The crowd set the two four-wheel-drive vehicles ablaze after the attack and threw stones into the burning wreckage.
Television pictures showed one incinerated body being kicked and stamped on by a member of the jubilant crowd, while others dragged a blackened body down the road by its feet.
The footage showed at least three people lying dead, while some witnesses said that four were killed. It was not clear how many people were in the vehicles.
As one body lay burning on the ground, an Iraqi came and doused it with petrol, sending flames soaring.
At least two bodies were tied to cars and pulled through the streets, witnesses said.
Some body parts were pulled off and left hanging from a pole, while two incinerated bodies were later strung from a bridge over the road and left dangling there.
Foreigners targeted
It was unclear who was travelling in the vehicles, both four-wheel drives of the type used by foreign contractors, journalists, civilian members of the US-led coalition and some military personnel. Witnesses said they saw anywhere between four and eight people in the cars before they were attacked.
Some of the victims were wearing civilian clothes, flak jackets and were armed, witnesses said, but that was not clear from the television footage. One of those killed had fair hair and was wearing khaki trousers and a white t-shirt.

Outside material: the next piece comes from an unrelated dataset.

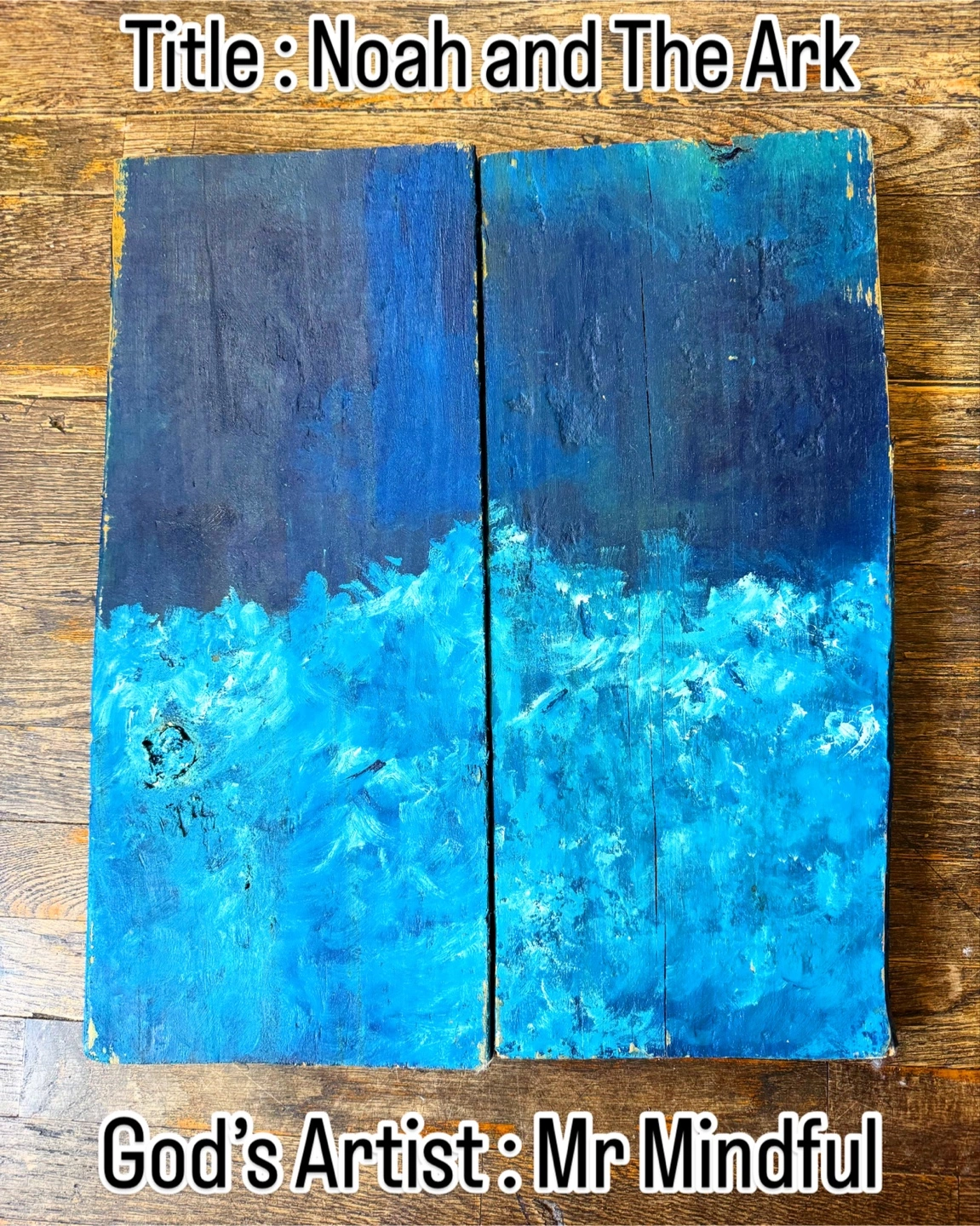 19Hand painted. Depicts a stormy sea. Blues and dark blues. 2 Wooden panels( each panel: 15x12x2 ).Signed by the artist. Mr. Mindful

As the victims lay burning, a crowd of around 150 men chanted ?Long live Islam? and ?Allahu Akbar? (God is Greatest) while flashing victory signs.
Falluja, about 50 km west of Baghdad, has been one of the most violent, restive towns in Iraq since the US-led occupation began a year ago. There are almost daily attacks on US military convoys operating in the area.

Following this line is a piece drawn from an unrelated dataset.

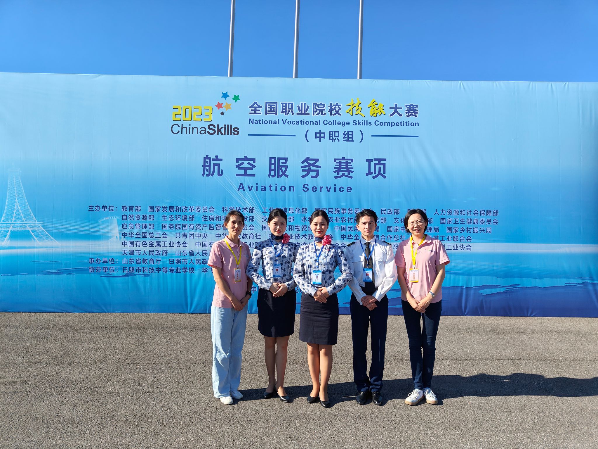 9月21日,2023年全国职业院校技能大赛(中职组)航空服务赛项在山东日照市落下帷幕。我院应用外语系航空服务专业朱兴浩冉、肖梦雅、马晓庆三位同学代表安徽省参赛荣获团体二等奖(指导教师:杨莲 唐莉)。

The attack came shortly after the US military said five coalition soldiers were killed in a roadside bomb attack west of Baghdad. A spokesman declined to say what nationality the soldiers were or where exactly the attack occurred.
The vast majority of the troops operating in the al-Anbar province west of Baghdad, which includes the towns of Falluja and Ramadi, are US Marines.
More than 400 US soldiers have been killed in action since the start of the war to overthrow Saddam, many of them in attacks using so-called improvised explosive devices in which an explosive charge is hidden in a plastic bag, soft drink can or dead animal and wired to a simple detonator.
As well as attacks on US and coalition troops, there appears to have been a sharp increase on insurgent strikes against foreigners in recent weeks.
In March alone, 12 foreign civilians have been killed in drive-by shootings or similar attacks. In the most recent incident, a Briton and a Canadian, both working as security guards, were shot and killed on Sunday in the city of Mosul.
Earlier in March, two Finns were killed in Baghdad, and four U.S. missionaries were shot dead in Mosul. In Hilla, south of Baghdad, two Americans working for the U.S. civilian authority were shot in a drive-by shooting.
With less than 100 days to go before US authorities hand over sovereignty to an Iraqi government, the US military, Iraqi police and other local security forces are still battling to bring security to the country.
Almost every day there are attacks using rockets, grenades, assault rifles, small arms or suicide bombs somewhere in the country.
On Wednesday, a car bomb blew up in Baquba, about 40 km (25 miles) north of Baghdad, wounding around a dozen people, while on Tuesday a suicide bomber detonated his vehicle outside the house of the chief of police in Hilla, but killed only himself.